My Dad used to tell this joke:
A 3 legged dog walks into a bar; he say, I'm looking for the guy who shot my Paw...
My Dad used to tell this joke:
A Puppy walks into a bar to get his father's blue ribbon. The bartender asks, "What'll you have?" The puppy replies, "Pap's Blue Ribbon!"
The little moron was looking through a knothole in the privacy fence around a nudist colony. After seeing a gorgeous young woman inside he commented, "Boy, I'd like to see her in a tight sweater."
So this grashopper walks into a bar and orders a drink, the bartender says "hey, we have a drink named after you!"
The grashopper looks up and says "You have a drink named Steve?"
Yo mama so stinky she uses Right Guard and Left Guard.
Yo mama's house so dirty that people have to wipe their feet to go outside.
Yo mama is so slow it takes her two hours to watch 60 Minutes
A hydrogen atom walks into a bar,
'I've lost an electron'
'You sure about that?'
'Yup, I'm positive!'
Judge: Look here Mickey Mouse, I cannot grant you a divorce from Minnie.

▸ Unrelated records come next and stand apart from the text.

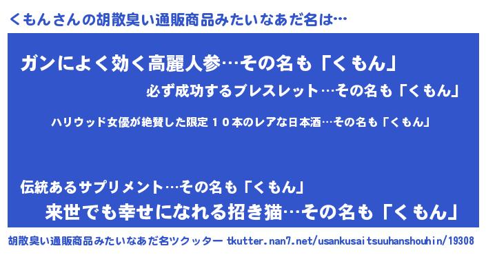 | 意味不明あだ名 | 『住所不定無職くもん(68歳)』『自称くもん』 |
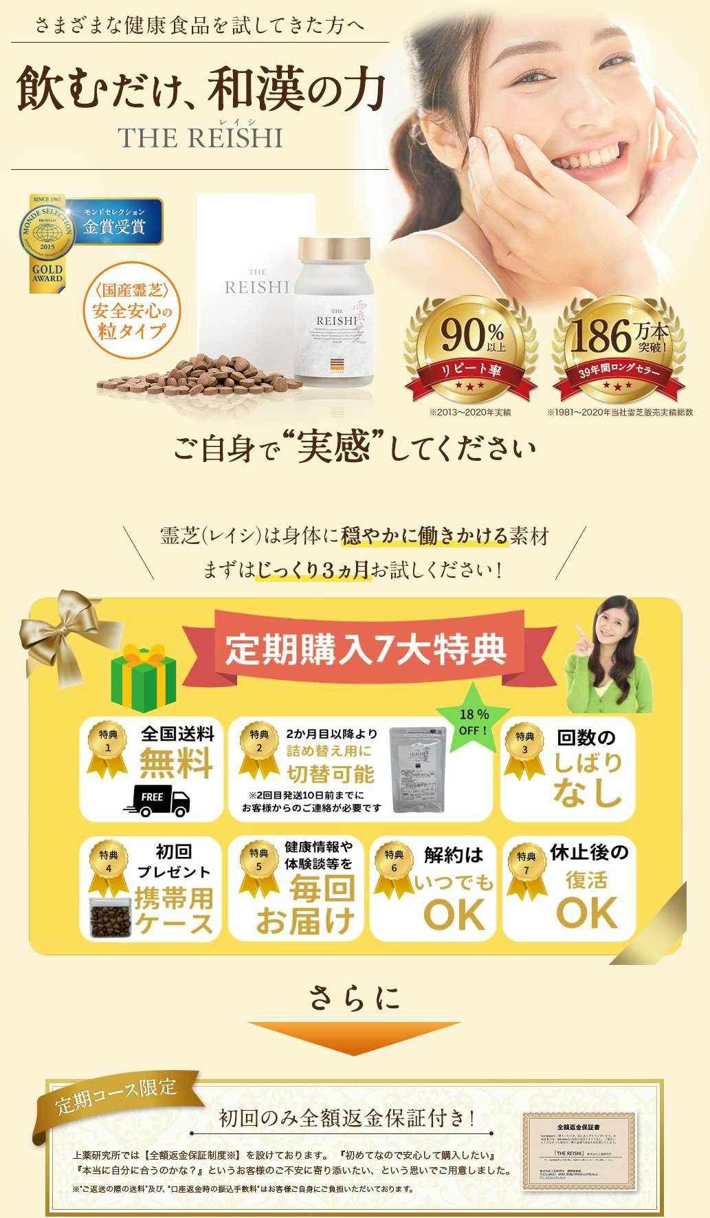 THE REISHIは健康食品ですので、決まった量を飲むお薬とは違い、何粒飲んでも大丈夫です。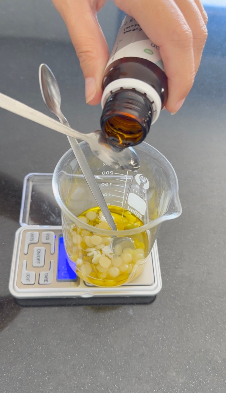 - In another container prepare phase B (vitamin E and the flavored oil).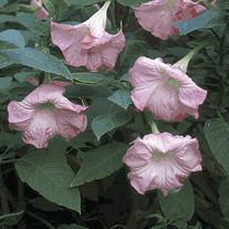 Belonging to the Deadly Nightshade family, which also includes the tomato, Brugmansia comprises about 20 different species, nearly all of them poisonous. There are a number of cultivars of Brugmansia suaveolens, some with white or yellow flowers. It's a showy landscape evergreen plant. The more sun, the more flowers. Can be pruned into a nice small accent tree. Put it where you can enjoy the fragrance at night. Blooms on and off all year. Easy to grow. Not fussy about soil or water. Likes lots of fertilizer.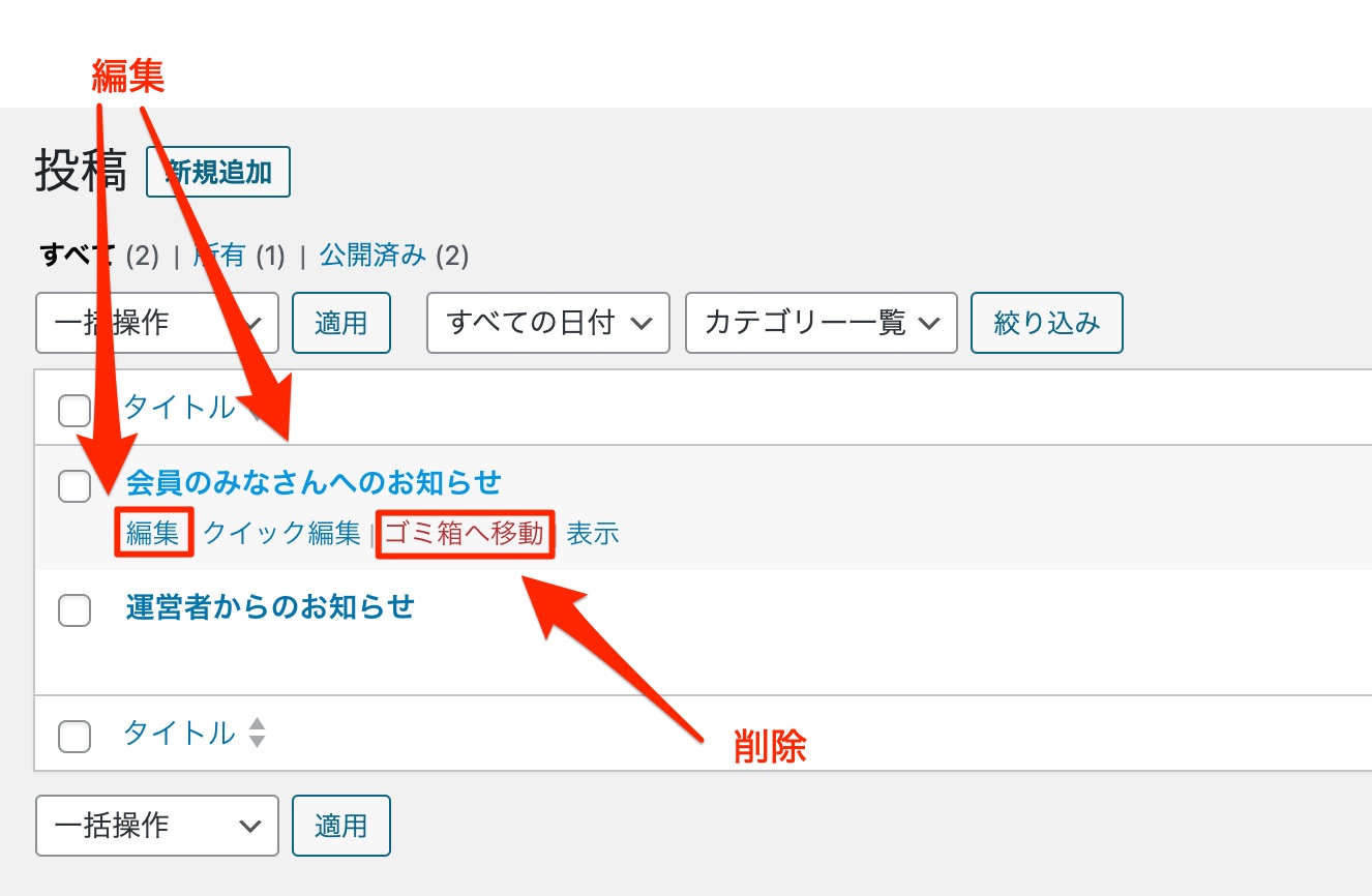 タイトル、本文、カテゴリー、アイキャッチに登録した内容は会員には上図のように表示されます。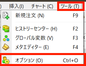 1.上メニューからツール → オプション → エキスパートアドバイザーの順にクリックします。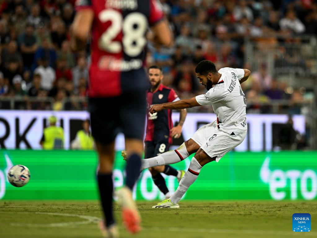 AC Milan's Ruben Lotfus-Cheek scores his goal during a Serie A football match between AC Milan and Cagliari in Cagliari, Italy, on Sept. 27, 2023. (Photo by Daniele Mascolo/Xinhua)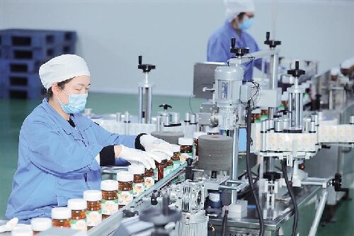 廊坊百花蜂產(chǎn)品有限公司工作人員在包裝車間流水線上工作。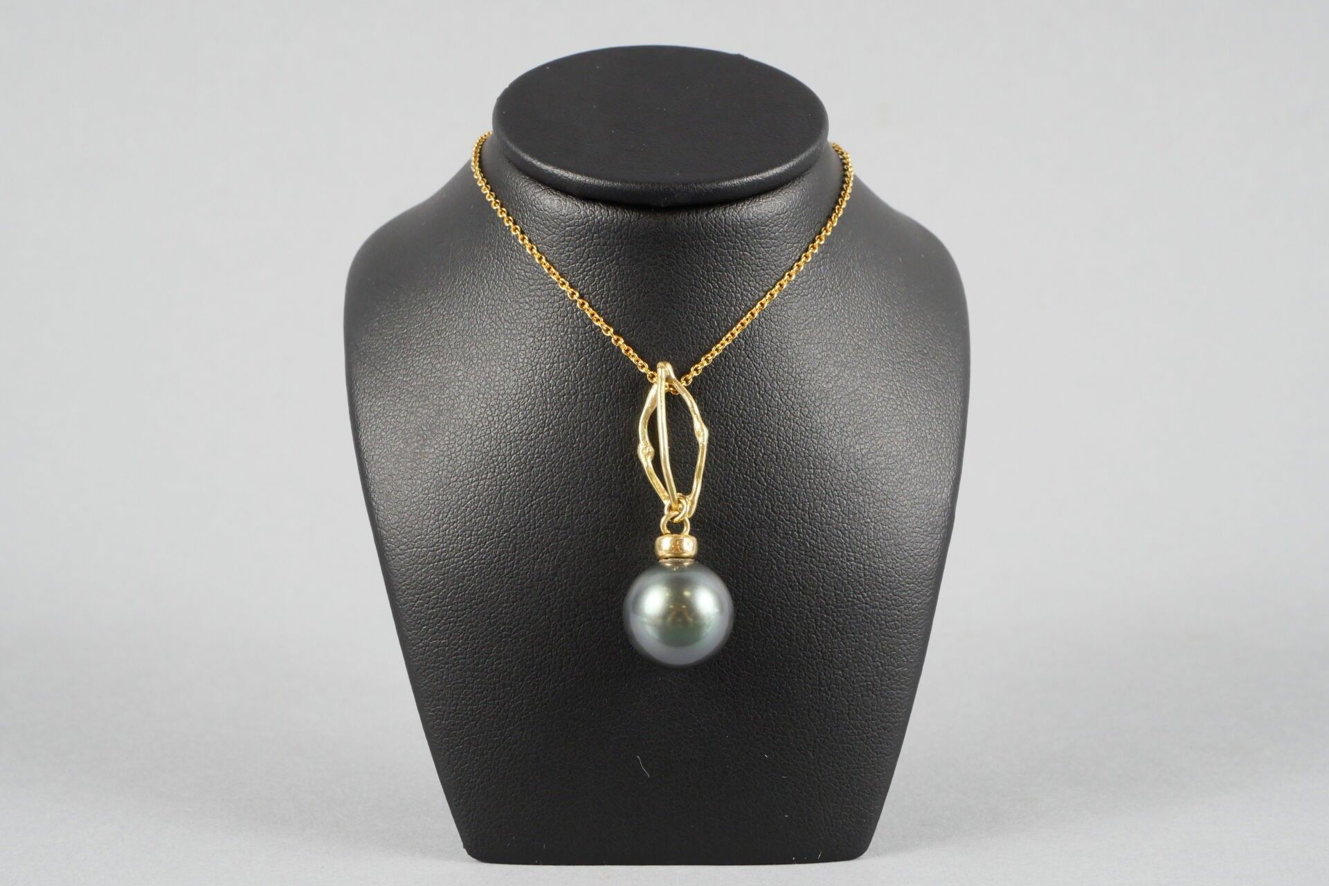 Three pendants and a buckle in 18K-750 thousandths yellow gold set with a pearl.

Mickey (stunned): Why not?
Judge: I have reviewed all the information you gave the court, but I can't find any evidence at all to support the grounds that she is crazy.
Mickey (exasperated): Your honor! I didn't say she was crazy...

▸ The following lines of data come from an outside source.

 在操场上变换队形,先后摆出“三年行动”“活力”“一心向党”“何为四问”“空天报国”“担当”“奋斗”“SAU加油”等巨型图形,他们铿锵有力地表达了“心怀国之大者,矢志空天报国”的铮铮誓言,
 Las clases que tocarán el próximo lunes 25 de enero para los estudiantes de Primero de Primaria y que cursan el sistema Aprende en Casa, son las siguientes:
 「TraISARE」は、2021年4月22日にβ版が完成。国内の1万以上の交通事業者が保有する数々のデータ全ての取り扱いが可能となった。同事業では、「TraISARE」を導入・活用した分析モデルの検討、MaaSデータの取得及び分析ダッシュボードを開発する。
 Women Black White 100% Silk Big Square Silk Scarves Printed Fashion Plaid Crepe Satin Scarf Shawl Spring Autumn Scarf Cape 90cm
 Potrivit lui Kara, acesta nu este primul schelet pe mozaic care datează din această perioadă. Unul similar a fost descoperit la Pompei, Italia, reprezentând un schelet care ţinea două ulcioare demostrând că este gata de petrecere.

I said she was f%&king Goofy!
Donald Duck went to his neighborhood drug store to buy his first condom. Being a duck, and not really knowing what they are, he wanted to be as discreet as possible so he asked to speak to the pharmacist in private. The pharmacist being sensitive to Donalds situation, took him in his office and gave him a brief instruction on the use. When he was finished Donald went up to the register to check out. The young cashier rang him up and said that will be $4.95 plus tax, would you like me to just put this on your bill? Donald replied: Tax!! I thought they rolled on, and heck no I dont want it on my bill. What kind of duck do you think I am?